TASK TO COMPLETE: Whenever a picture appears in the listing below, leave it out, and copy exactly the lines from the one containing "I loved this" through the end.

TASK INPUTS:

= Beginning of Section =

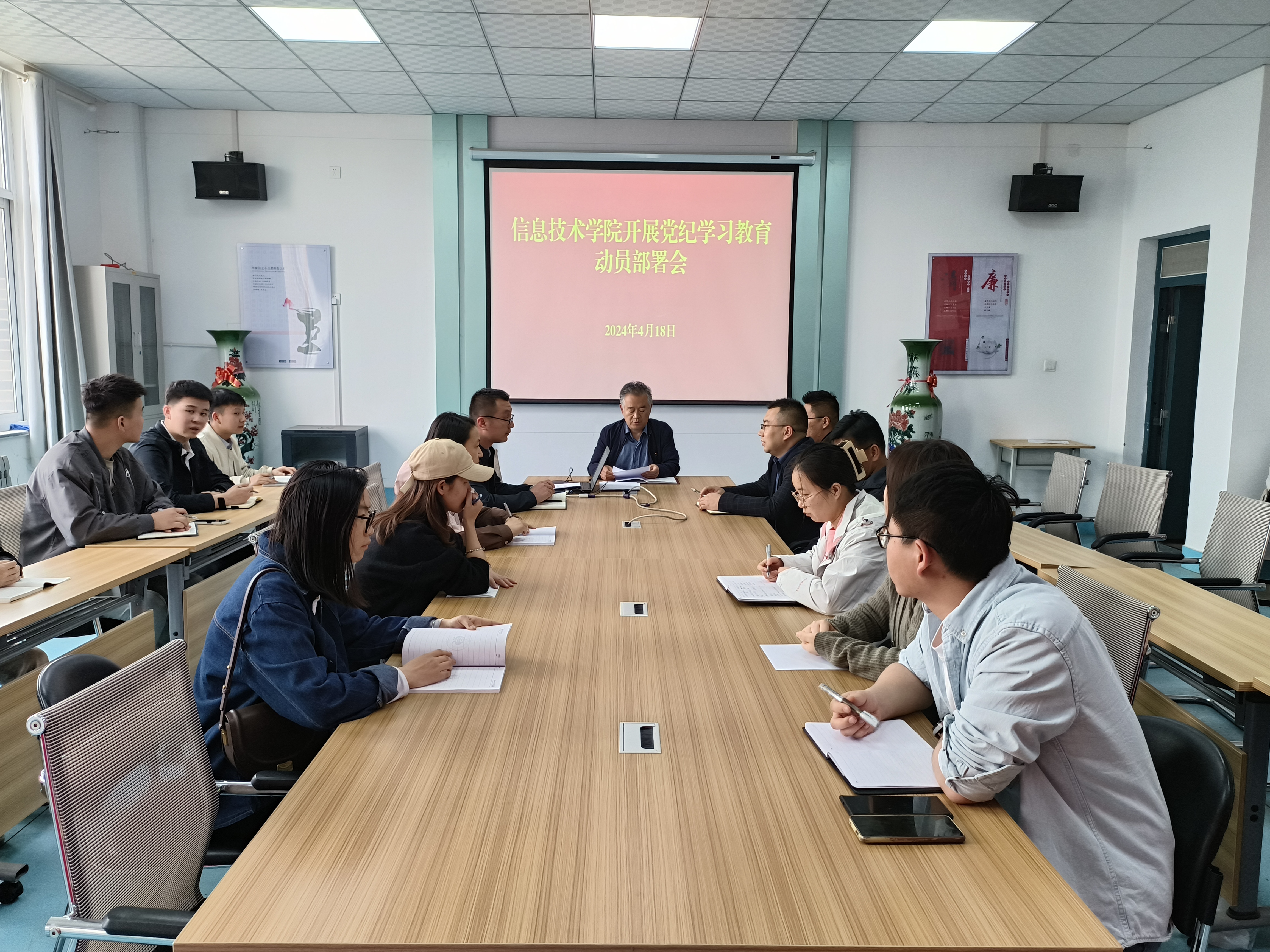4月18日,信息技术学院召开党纪学习教育动员部署会议,传达学习中央、全省和学校开展党纪学习教育动员部署会有关精神。根据《武威职业学院开展党纪学习教育工作方案》的通知要求,安排部署学院党纪学习教育工作。学院党总支书记潘从明主持会议并作动员讲话,全体党员参加会议。
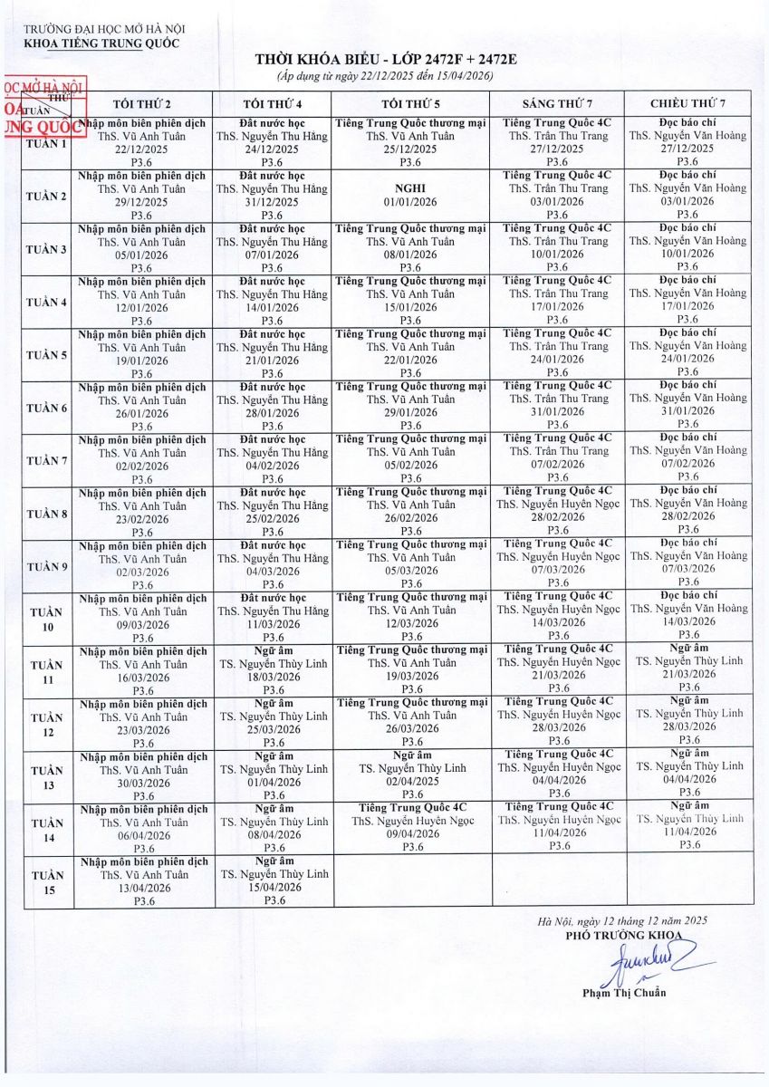 Mục tiêu chuẩn đầu ra, khung chương trình đào tạo ngành Ngôn ngữ Trung Quốc 2022
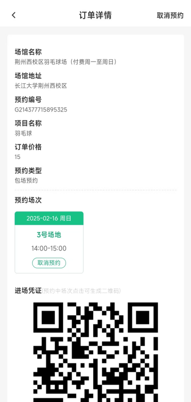 4.取消预约:预约后因个人原因无法到达准时到达场地,须提前在场馆预约界面右上角“我的预约”中找到已预约场地并主动取消预约。在规定时间内未到达场地缴纳费用管理员有权取消预约。爽约三次将进入黑名单,30天内无法预约。
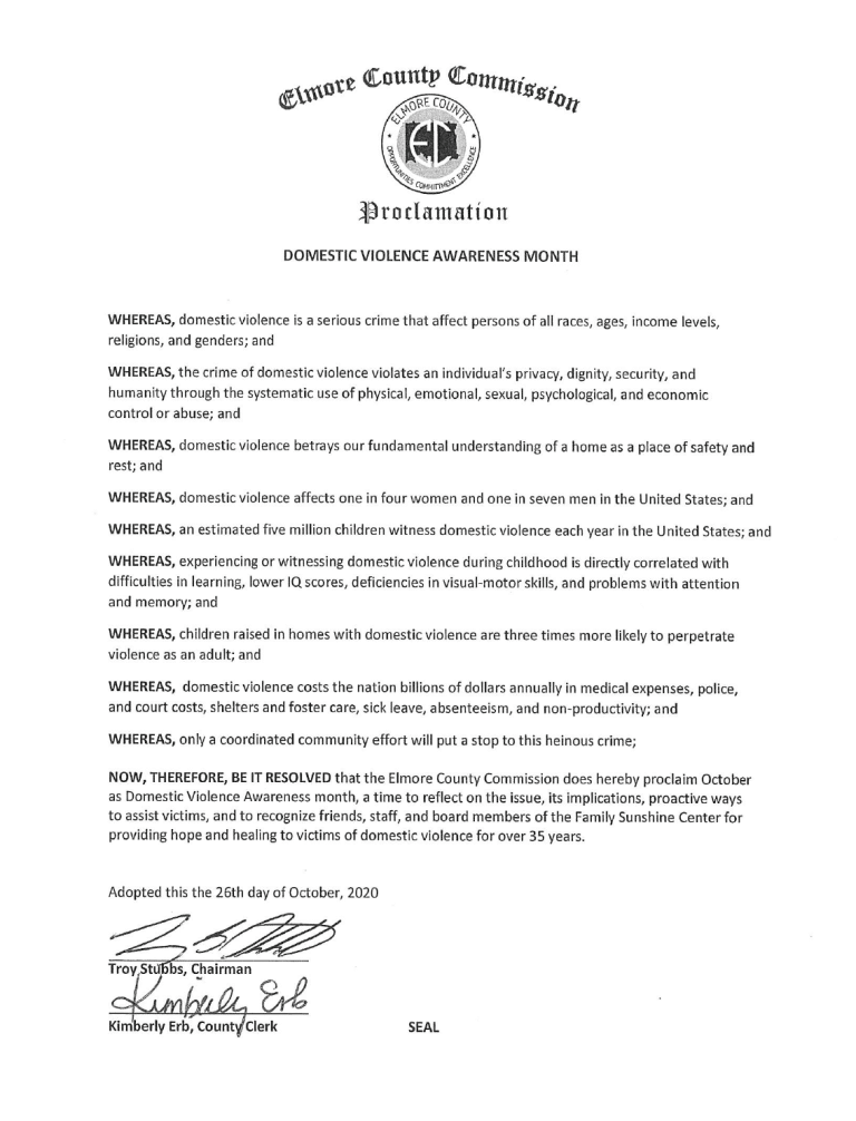 At their Work Session meeting Monday, the Elmore County Commission presented a resolution recognizing October as Domestic Violence Awareness Month and praised the work of the Family Sunshine Center.
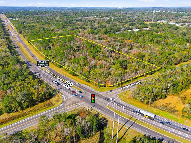 Positioned at the highly visible, signalized corner of Cortez Boulevard (SR-50) and Emerson Road, this 13.74-acre tract offers a prime development opportunity in Hernando County’s growing commercial corridor. The property boasts over 1,200 feet of direct frontage along SR-50, one of the region’s major east–west thoroughfares, ensuring exceptional visibility and strong traffic counts. Its strategic location provides seamless connectivity to US-41, US-98, and the Suncoast Parkway (SR-589), granting convenient access to Tampa Bay and the broader Central Florida market.
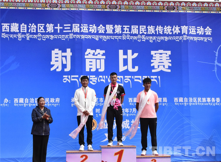 圖為7月29日,男子個(gè)人70米雙輪賽頒獎(jiǎng)現(xiàn)場(chǎng),中間為冠軍選手林芝市代表團(tuán)運(yùn)動(dòng)員嘎瑪江村,其右為亞軍選手拉薩市代表團(tuán)運(yùn)動(dòng)員瓊達(dá)次仁,其左為季軍選手教育代表團(tuán)運(yùn)動(dòng)員旦增羅布 攝影:拉姆
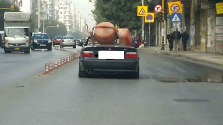 Να όμως που το είδαμε και αυτό… Ο οδηγός της εικονιζόμενης BMW εθεάθη στο κέντρο της Θεσσαλονίκης να μεταφέρει όντως μία μπετονιέρα, κάτι που φυσικά δεν πέρασε απαρατήρητο από τους διερχόμενους που απαθανάτισαν τη σκηνή!
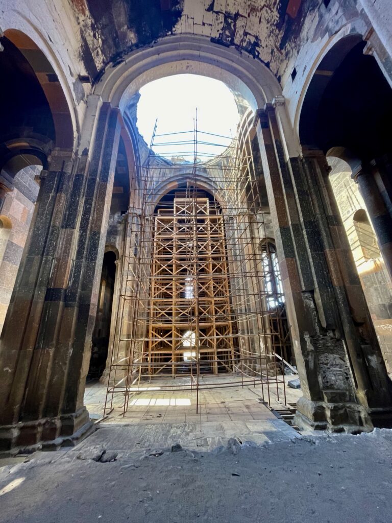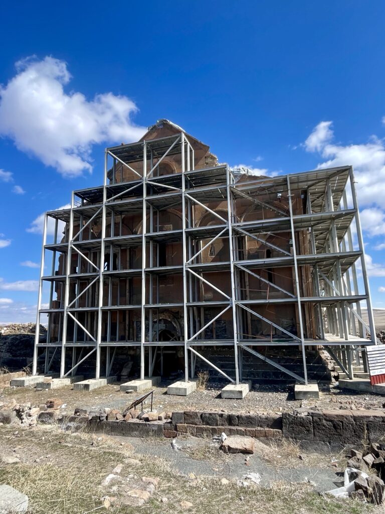 Earthquakes are still a serious threat for the remaining ruins of the old town. Some of them have been re-enforced with metal structures to avoid further damage, like the impressive Cathedral of Ani, built around 1000 years ago. The Christian Cathedral was converted into a mosque when the Seljuks conquered the city. Later is was converted back as an Armenian church. The Cathedral was damaged by an earthquake in 1319 and again in 1988.
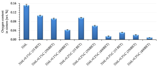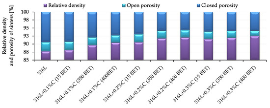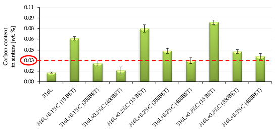 The introduction of additives in the form of the micro- and nanographite powders resulted in an increase in carbon content in samples after sintering—the greater the higher proportion of graphite in the mixtures. However, analyzing the obtained results, it can be observed that as the degree of BET specific surface area development of graphite particles increased, the measured carbon content in sinters significantly decreased. The highest carbon content after sintering, among the samples doped with graphite, had sinter made of AISI 316L steel with the addition of 0.3% by weight graphite micropowder with a BET specific surface area of 15 m2/g—it amounted to 0.084%. The carbon content in samples after sintering, equal to or not exceeding 0.03%, was characterized by only four of the tested sinters made of the following: pure powder of tested stainless steel and mixtures of this steel with the addition of 0.1% by weight of nanographite powders with a BET specific surfaces area of 350 m2/g and 400 m2/g and with 0.2% by weight of nanographite with a BET specific surface area of 400 m2/g. However, in the case of a sample made of AISI 316L steel with the addition of 0.3% by weight of graphite nanopowder with a BET specific surface area of 400 m2/g, the amount of carbon in the sinter slightly exceeded the limit value and amounted to 0.36%. However, it should be emphasized, that for this sinter the largest decrease in carbon content was noted in relation to its initial amount in the mixture from which it was made.
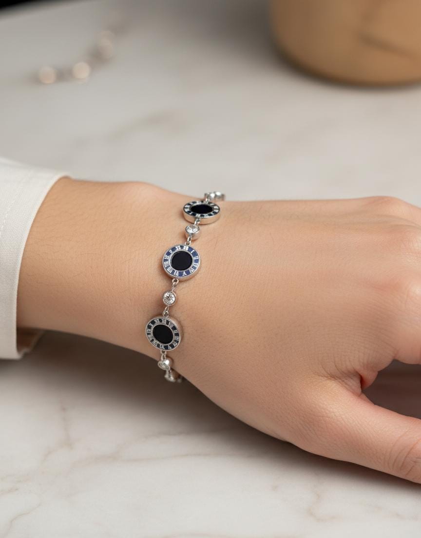 A reflection of timeless grace. Inspired by the precise moment of balance, this exquisite bracelet features three striking medallions—each a harmonious blend of profound black and polished silver—separated by delicate, sparkling crystals. The Lunar Equinox design transcends trends, offering an enduring piece that speaks volumes about your refined taste. It’s an investment in elegance, destined to be cherished for years to come.
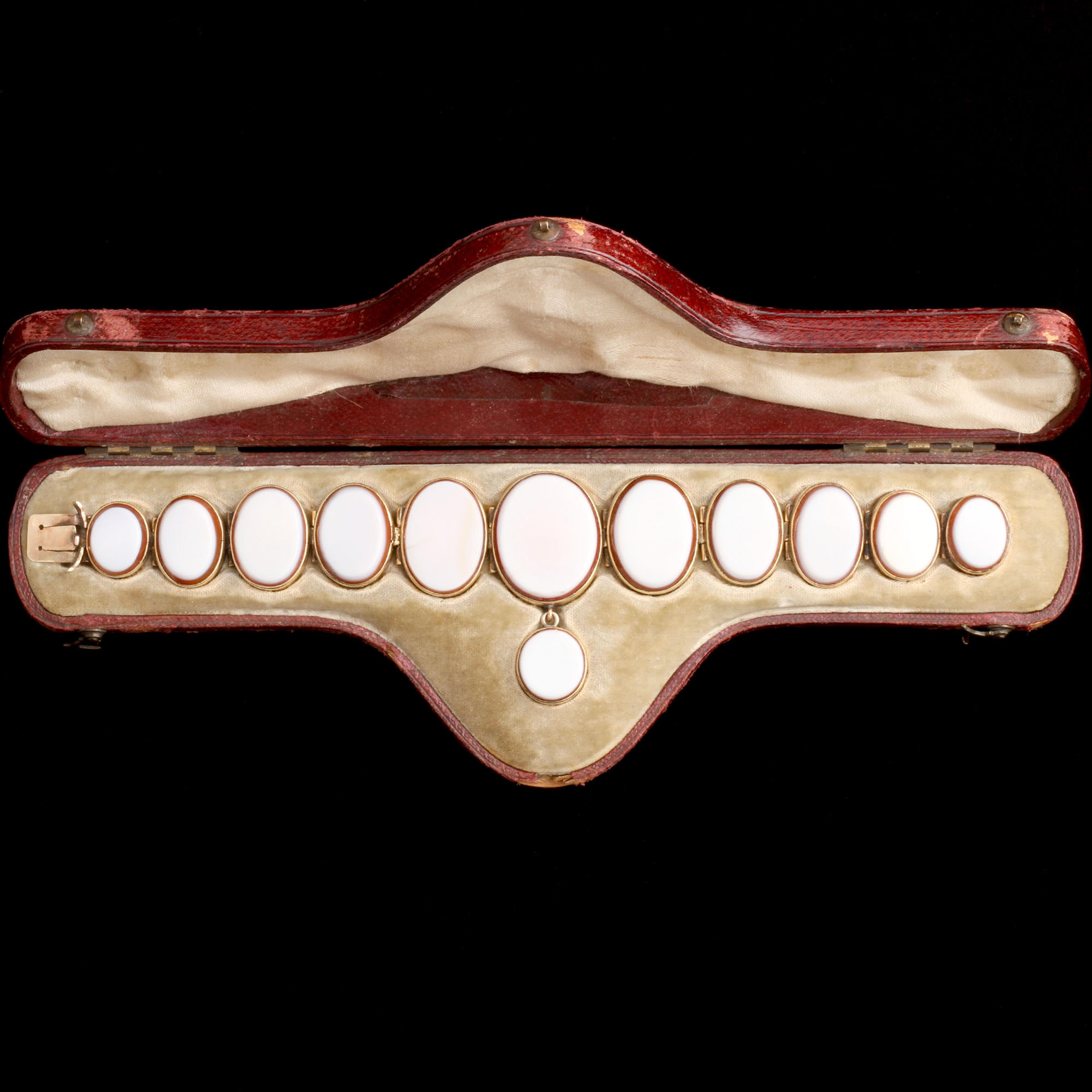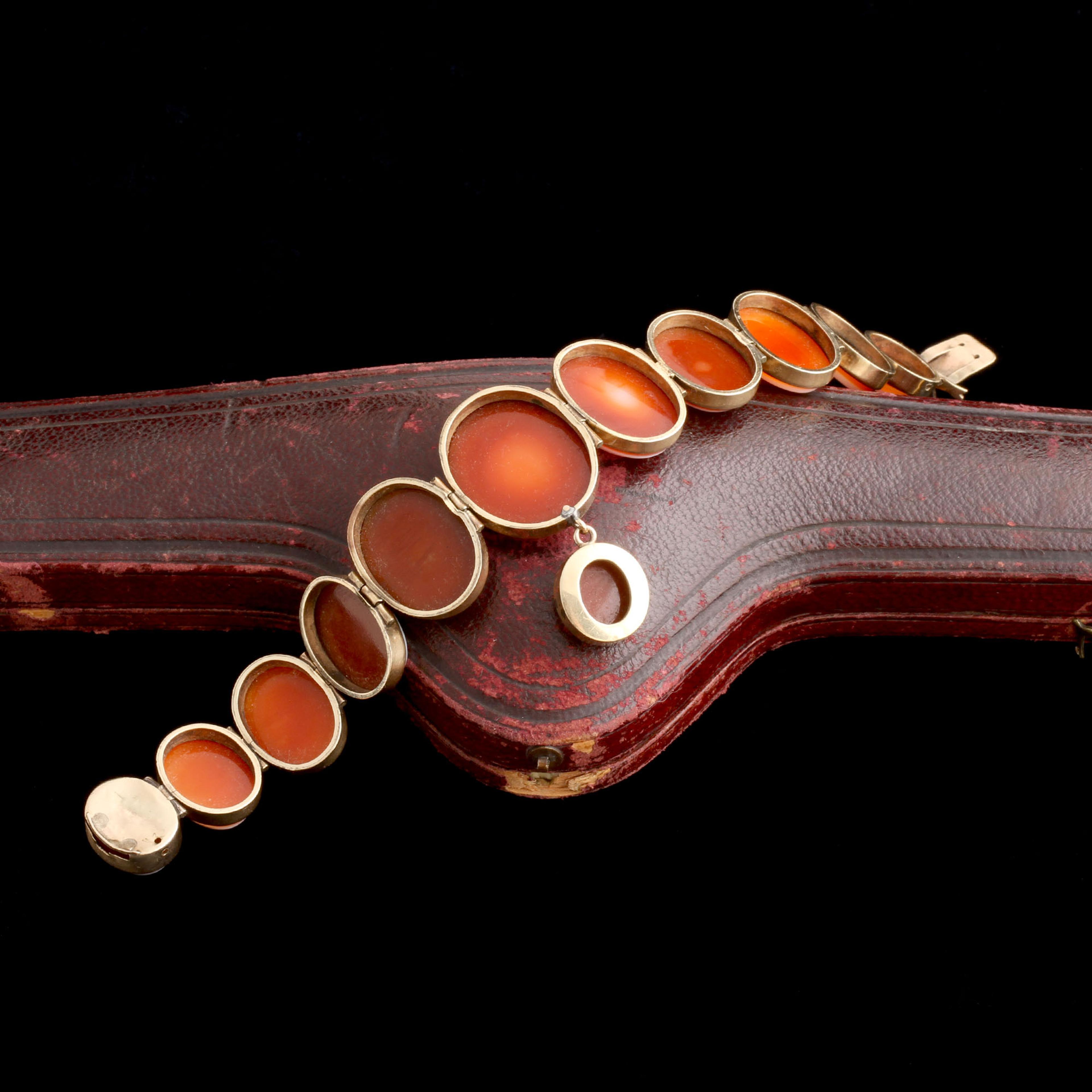 I loved this bracelet when I first found it lying in its original leather box from the 1870s. But when I picked it up and got a glimpse of the deep red backs of the sardonyx ovals? That's when I knew I had found a real treasure. The crimson feels like a secret on your wrist.
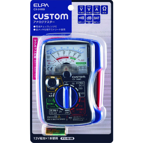 朝日電器(株) 品番:CX-04MB ELPA アナログテスター 特長背面の内蔵マグネットで本体を固定できます。ブザーとLEDで知らせる導通チェック機能があります。1.5Vと9V電池のチェックができます。商品スペック仕様・規格直流電圧:10/50/250/500V交流電圧:50/250/500V直流電流:25m/250mA抵抗:×10(20kΩ)/×1K(2MΩ)導通試験:約150Ω以下でブザ

= End of Section =

FINISHED EXERCISE:
 I loved this bracelet when I first found it lying in its original leather box from the 1870s. But when I picked it up and got a glimpse of the deep red backs of the sardonyx ovals? That's when I knew I had found a real treasure. The crimson feels like a secret on your wrist.
 朝日電器(株) 品番:CX-04MB ELPA アナログテスター 特長背面の内蔵マグネットで本体を固定できます。ブザーとLEDで知らせる導通チェック機能があります。1.5Vと9V電池のチェックができます。商品スペック仕様・規格直流電圧:10/50/250/500V交流電圧:50/250/500V直流電流:25m/250mA抵抗:×10(20kΩ)/×1K(2MΩ)導通試験:約150Ω以下でブザ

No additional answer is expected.